Намеренно тяжело и уверенно ступая вдоль шкафчиков, она не обращает на него внимания, не позволяет и ему разглядеть ее
Мартин же при виде Роудс на секунду замолкает. В окружении друзей он обводит ее беглым взглядом, но быстро отворачивается в сторону, откликаясь на гнусавый голос приятеля.
– Да, договорились, – небрежно бросает Лайл, натянуто улыбаясь.
Вместо привычной спортивной футболки или толстовки на нем такая же дурацкая белоснежная рубашка с яркой удавкой на шее. Как и все, он хочет казаться лучше, чем есть. Но кто он есть?
Адрия зарывается глубже в свой шкафчик, пытаясь сбежать мыслями прочь, но все еще слышит бархатистый баритон Лайла и усмешки его приятелей.
Дурной стыд за вчерашнюю слабость накатывает с новой силой – она опозорилась дважды, и теперь это унижение грызет ее, гложет, обсасывает косточки. Собственное бессилие отзывается тошнотой – она не смогла победить Лайла, не смогла ответить отцу. Но хуже всего осознание того, что, как бы она ни старалась, ей не прыгнуть выше головы. Не обогнать парня из сборной атлетов. Не уничтожить Адама Роудса словами так умело, как это делает он. Они сильнее ее, и Адрия знает это, как бы широко ни скалила зубы. И что остается тогда? Смириться, пресмыкаться? Пользоваться, как сделала бы мать?
Адрию не устраивает ни один из вариантов. Она не желает изображать покорность, извлекая выгоду.
Громко захлопывая дверь шкафчика, Роудс язвительно улыбается паре человек, оглядывающихся на шум, и прижимается затылком к холодному металлу, поднимая взгляд к потолку. Чужие фразы обрывками доносятся до нее из шакальей стаи, сбивающейся вокруг Лайла. Весело посмеиваясь и зубоскаля, парни обмениваются дурацкими фактами о какой-то предстоящей вечеринке.
– Сара Нильсон обещала прийти, – многозначительно произносит высокий смуглый парень с небольшим шрамом над бровью, Томас. На крепкой шее сверкает несколько коротких цепочек, которые раздражающе звякают каждый раз, когда он приходит в движение. А двигается от неугомонно, суетливо, точно не может устоять на месте.
– Да ладно, Сара? К тебе-то? – гогочет второй, Чарли, потряхивая черными кудрями. Еще пара человек вторят ему, пихая Томаса локтями.
– Гонишь, – буднично замечает Лайл.
– Да честно вам говорю, она появится, – парень напрягается, повышая голос.
– Про Коннор ты тоже так говорил, – отвечает Мартин, и в его голосе проскальзывает небрежное превосходство. – В итоге встречался с ней я.
– Да ну вас, – Томас обиженно бурчит, не находя слов.
– Коннор – птичка певчая, – смеется кудрявый, взгляд его темный и таит в себе насмешку даже без слов.
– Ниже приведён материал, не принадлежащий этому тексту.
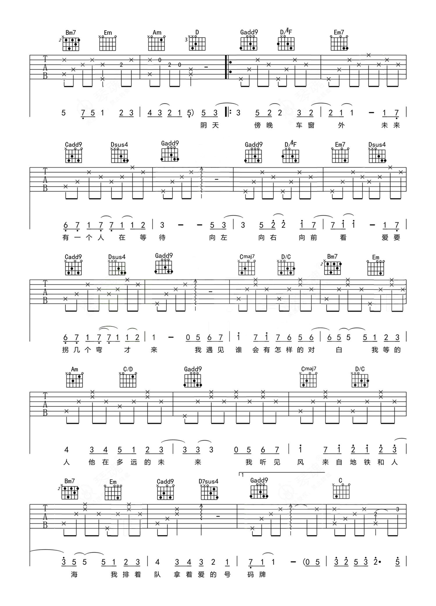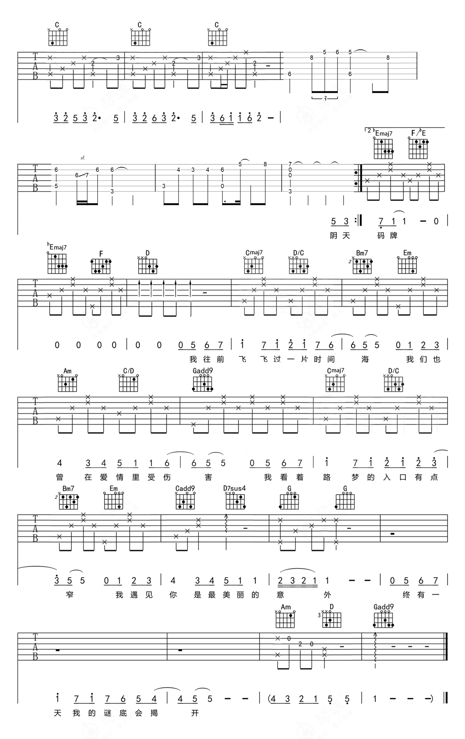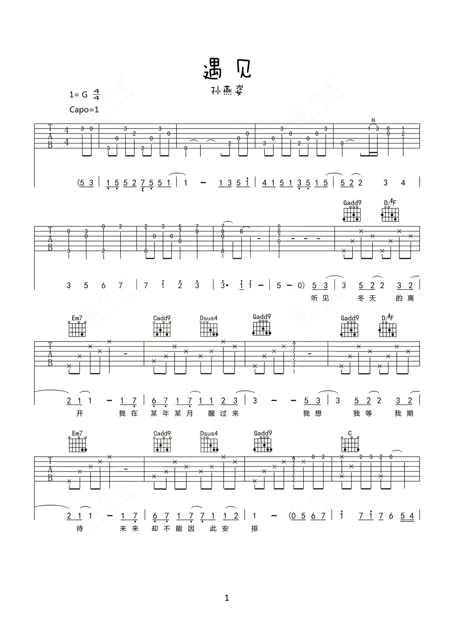孙燕姿《遇见》吉他谱 - G调弹唱六线谱 - 完美原版

Ни вид его, ни телосложение не источают угрозы, если бы только не этот взгляд. И оскал. Неприятный, звериный. – Ты до нее еще не дорос, Том. Слыхал, после переезда
– Она и до этого была ничего, – Томас скалится в ответ, но выглядит беззаботно. – Заветный приз. Такие на земле не валяются.
Неосознанно повернув голову после этой фразы, Адрия замечает, что Лайл не реагирует. Он быстро теряет интерес к происходящему, подпирая стену и уводя взгляд в сторону.
Ответ Тома вызывает новую волну восклицаний:
– Да ты втюрился, бро? – вмешивается еще один голос.
– Небось, на фотки ее залипаешь? – весело усмехается еще один парень, кажется, футболист. Они все выглядят на одно лицо, едва ли Адрия отличает одного самовлюбленного качка от другого.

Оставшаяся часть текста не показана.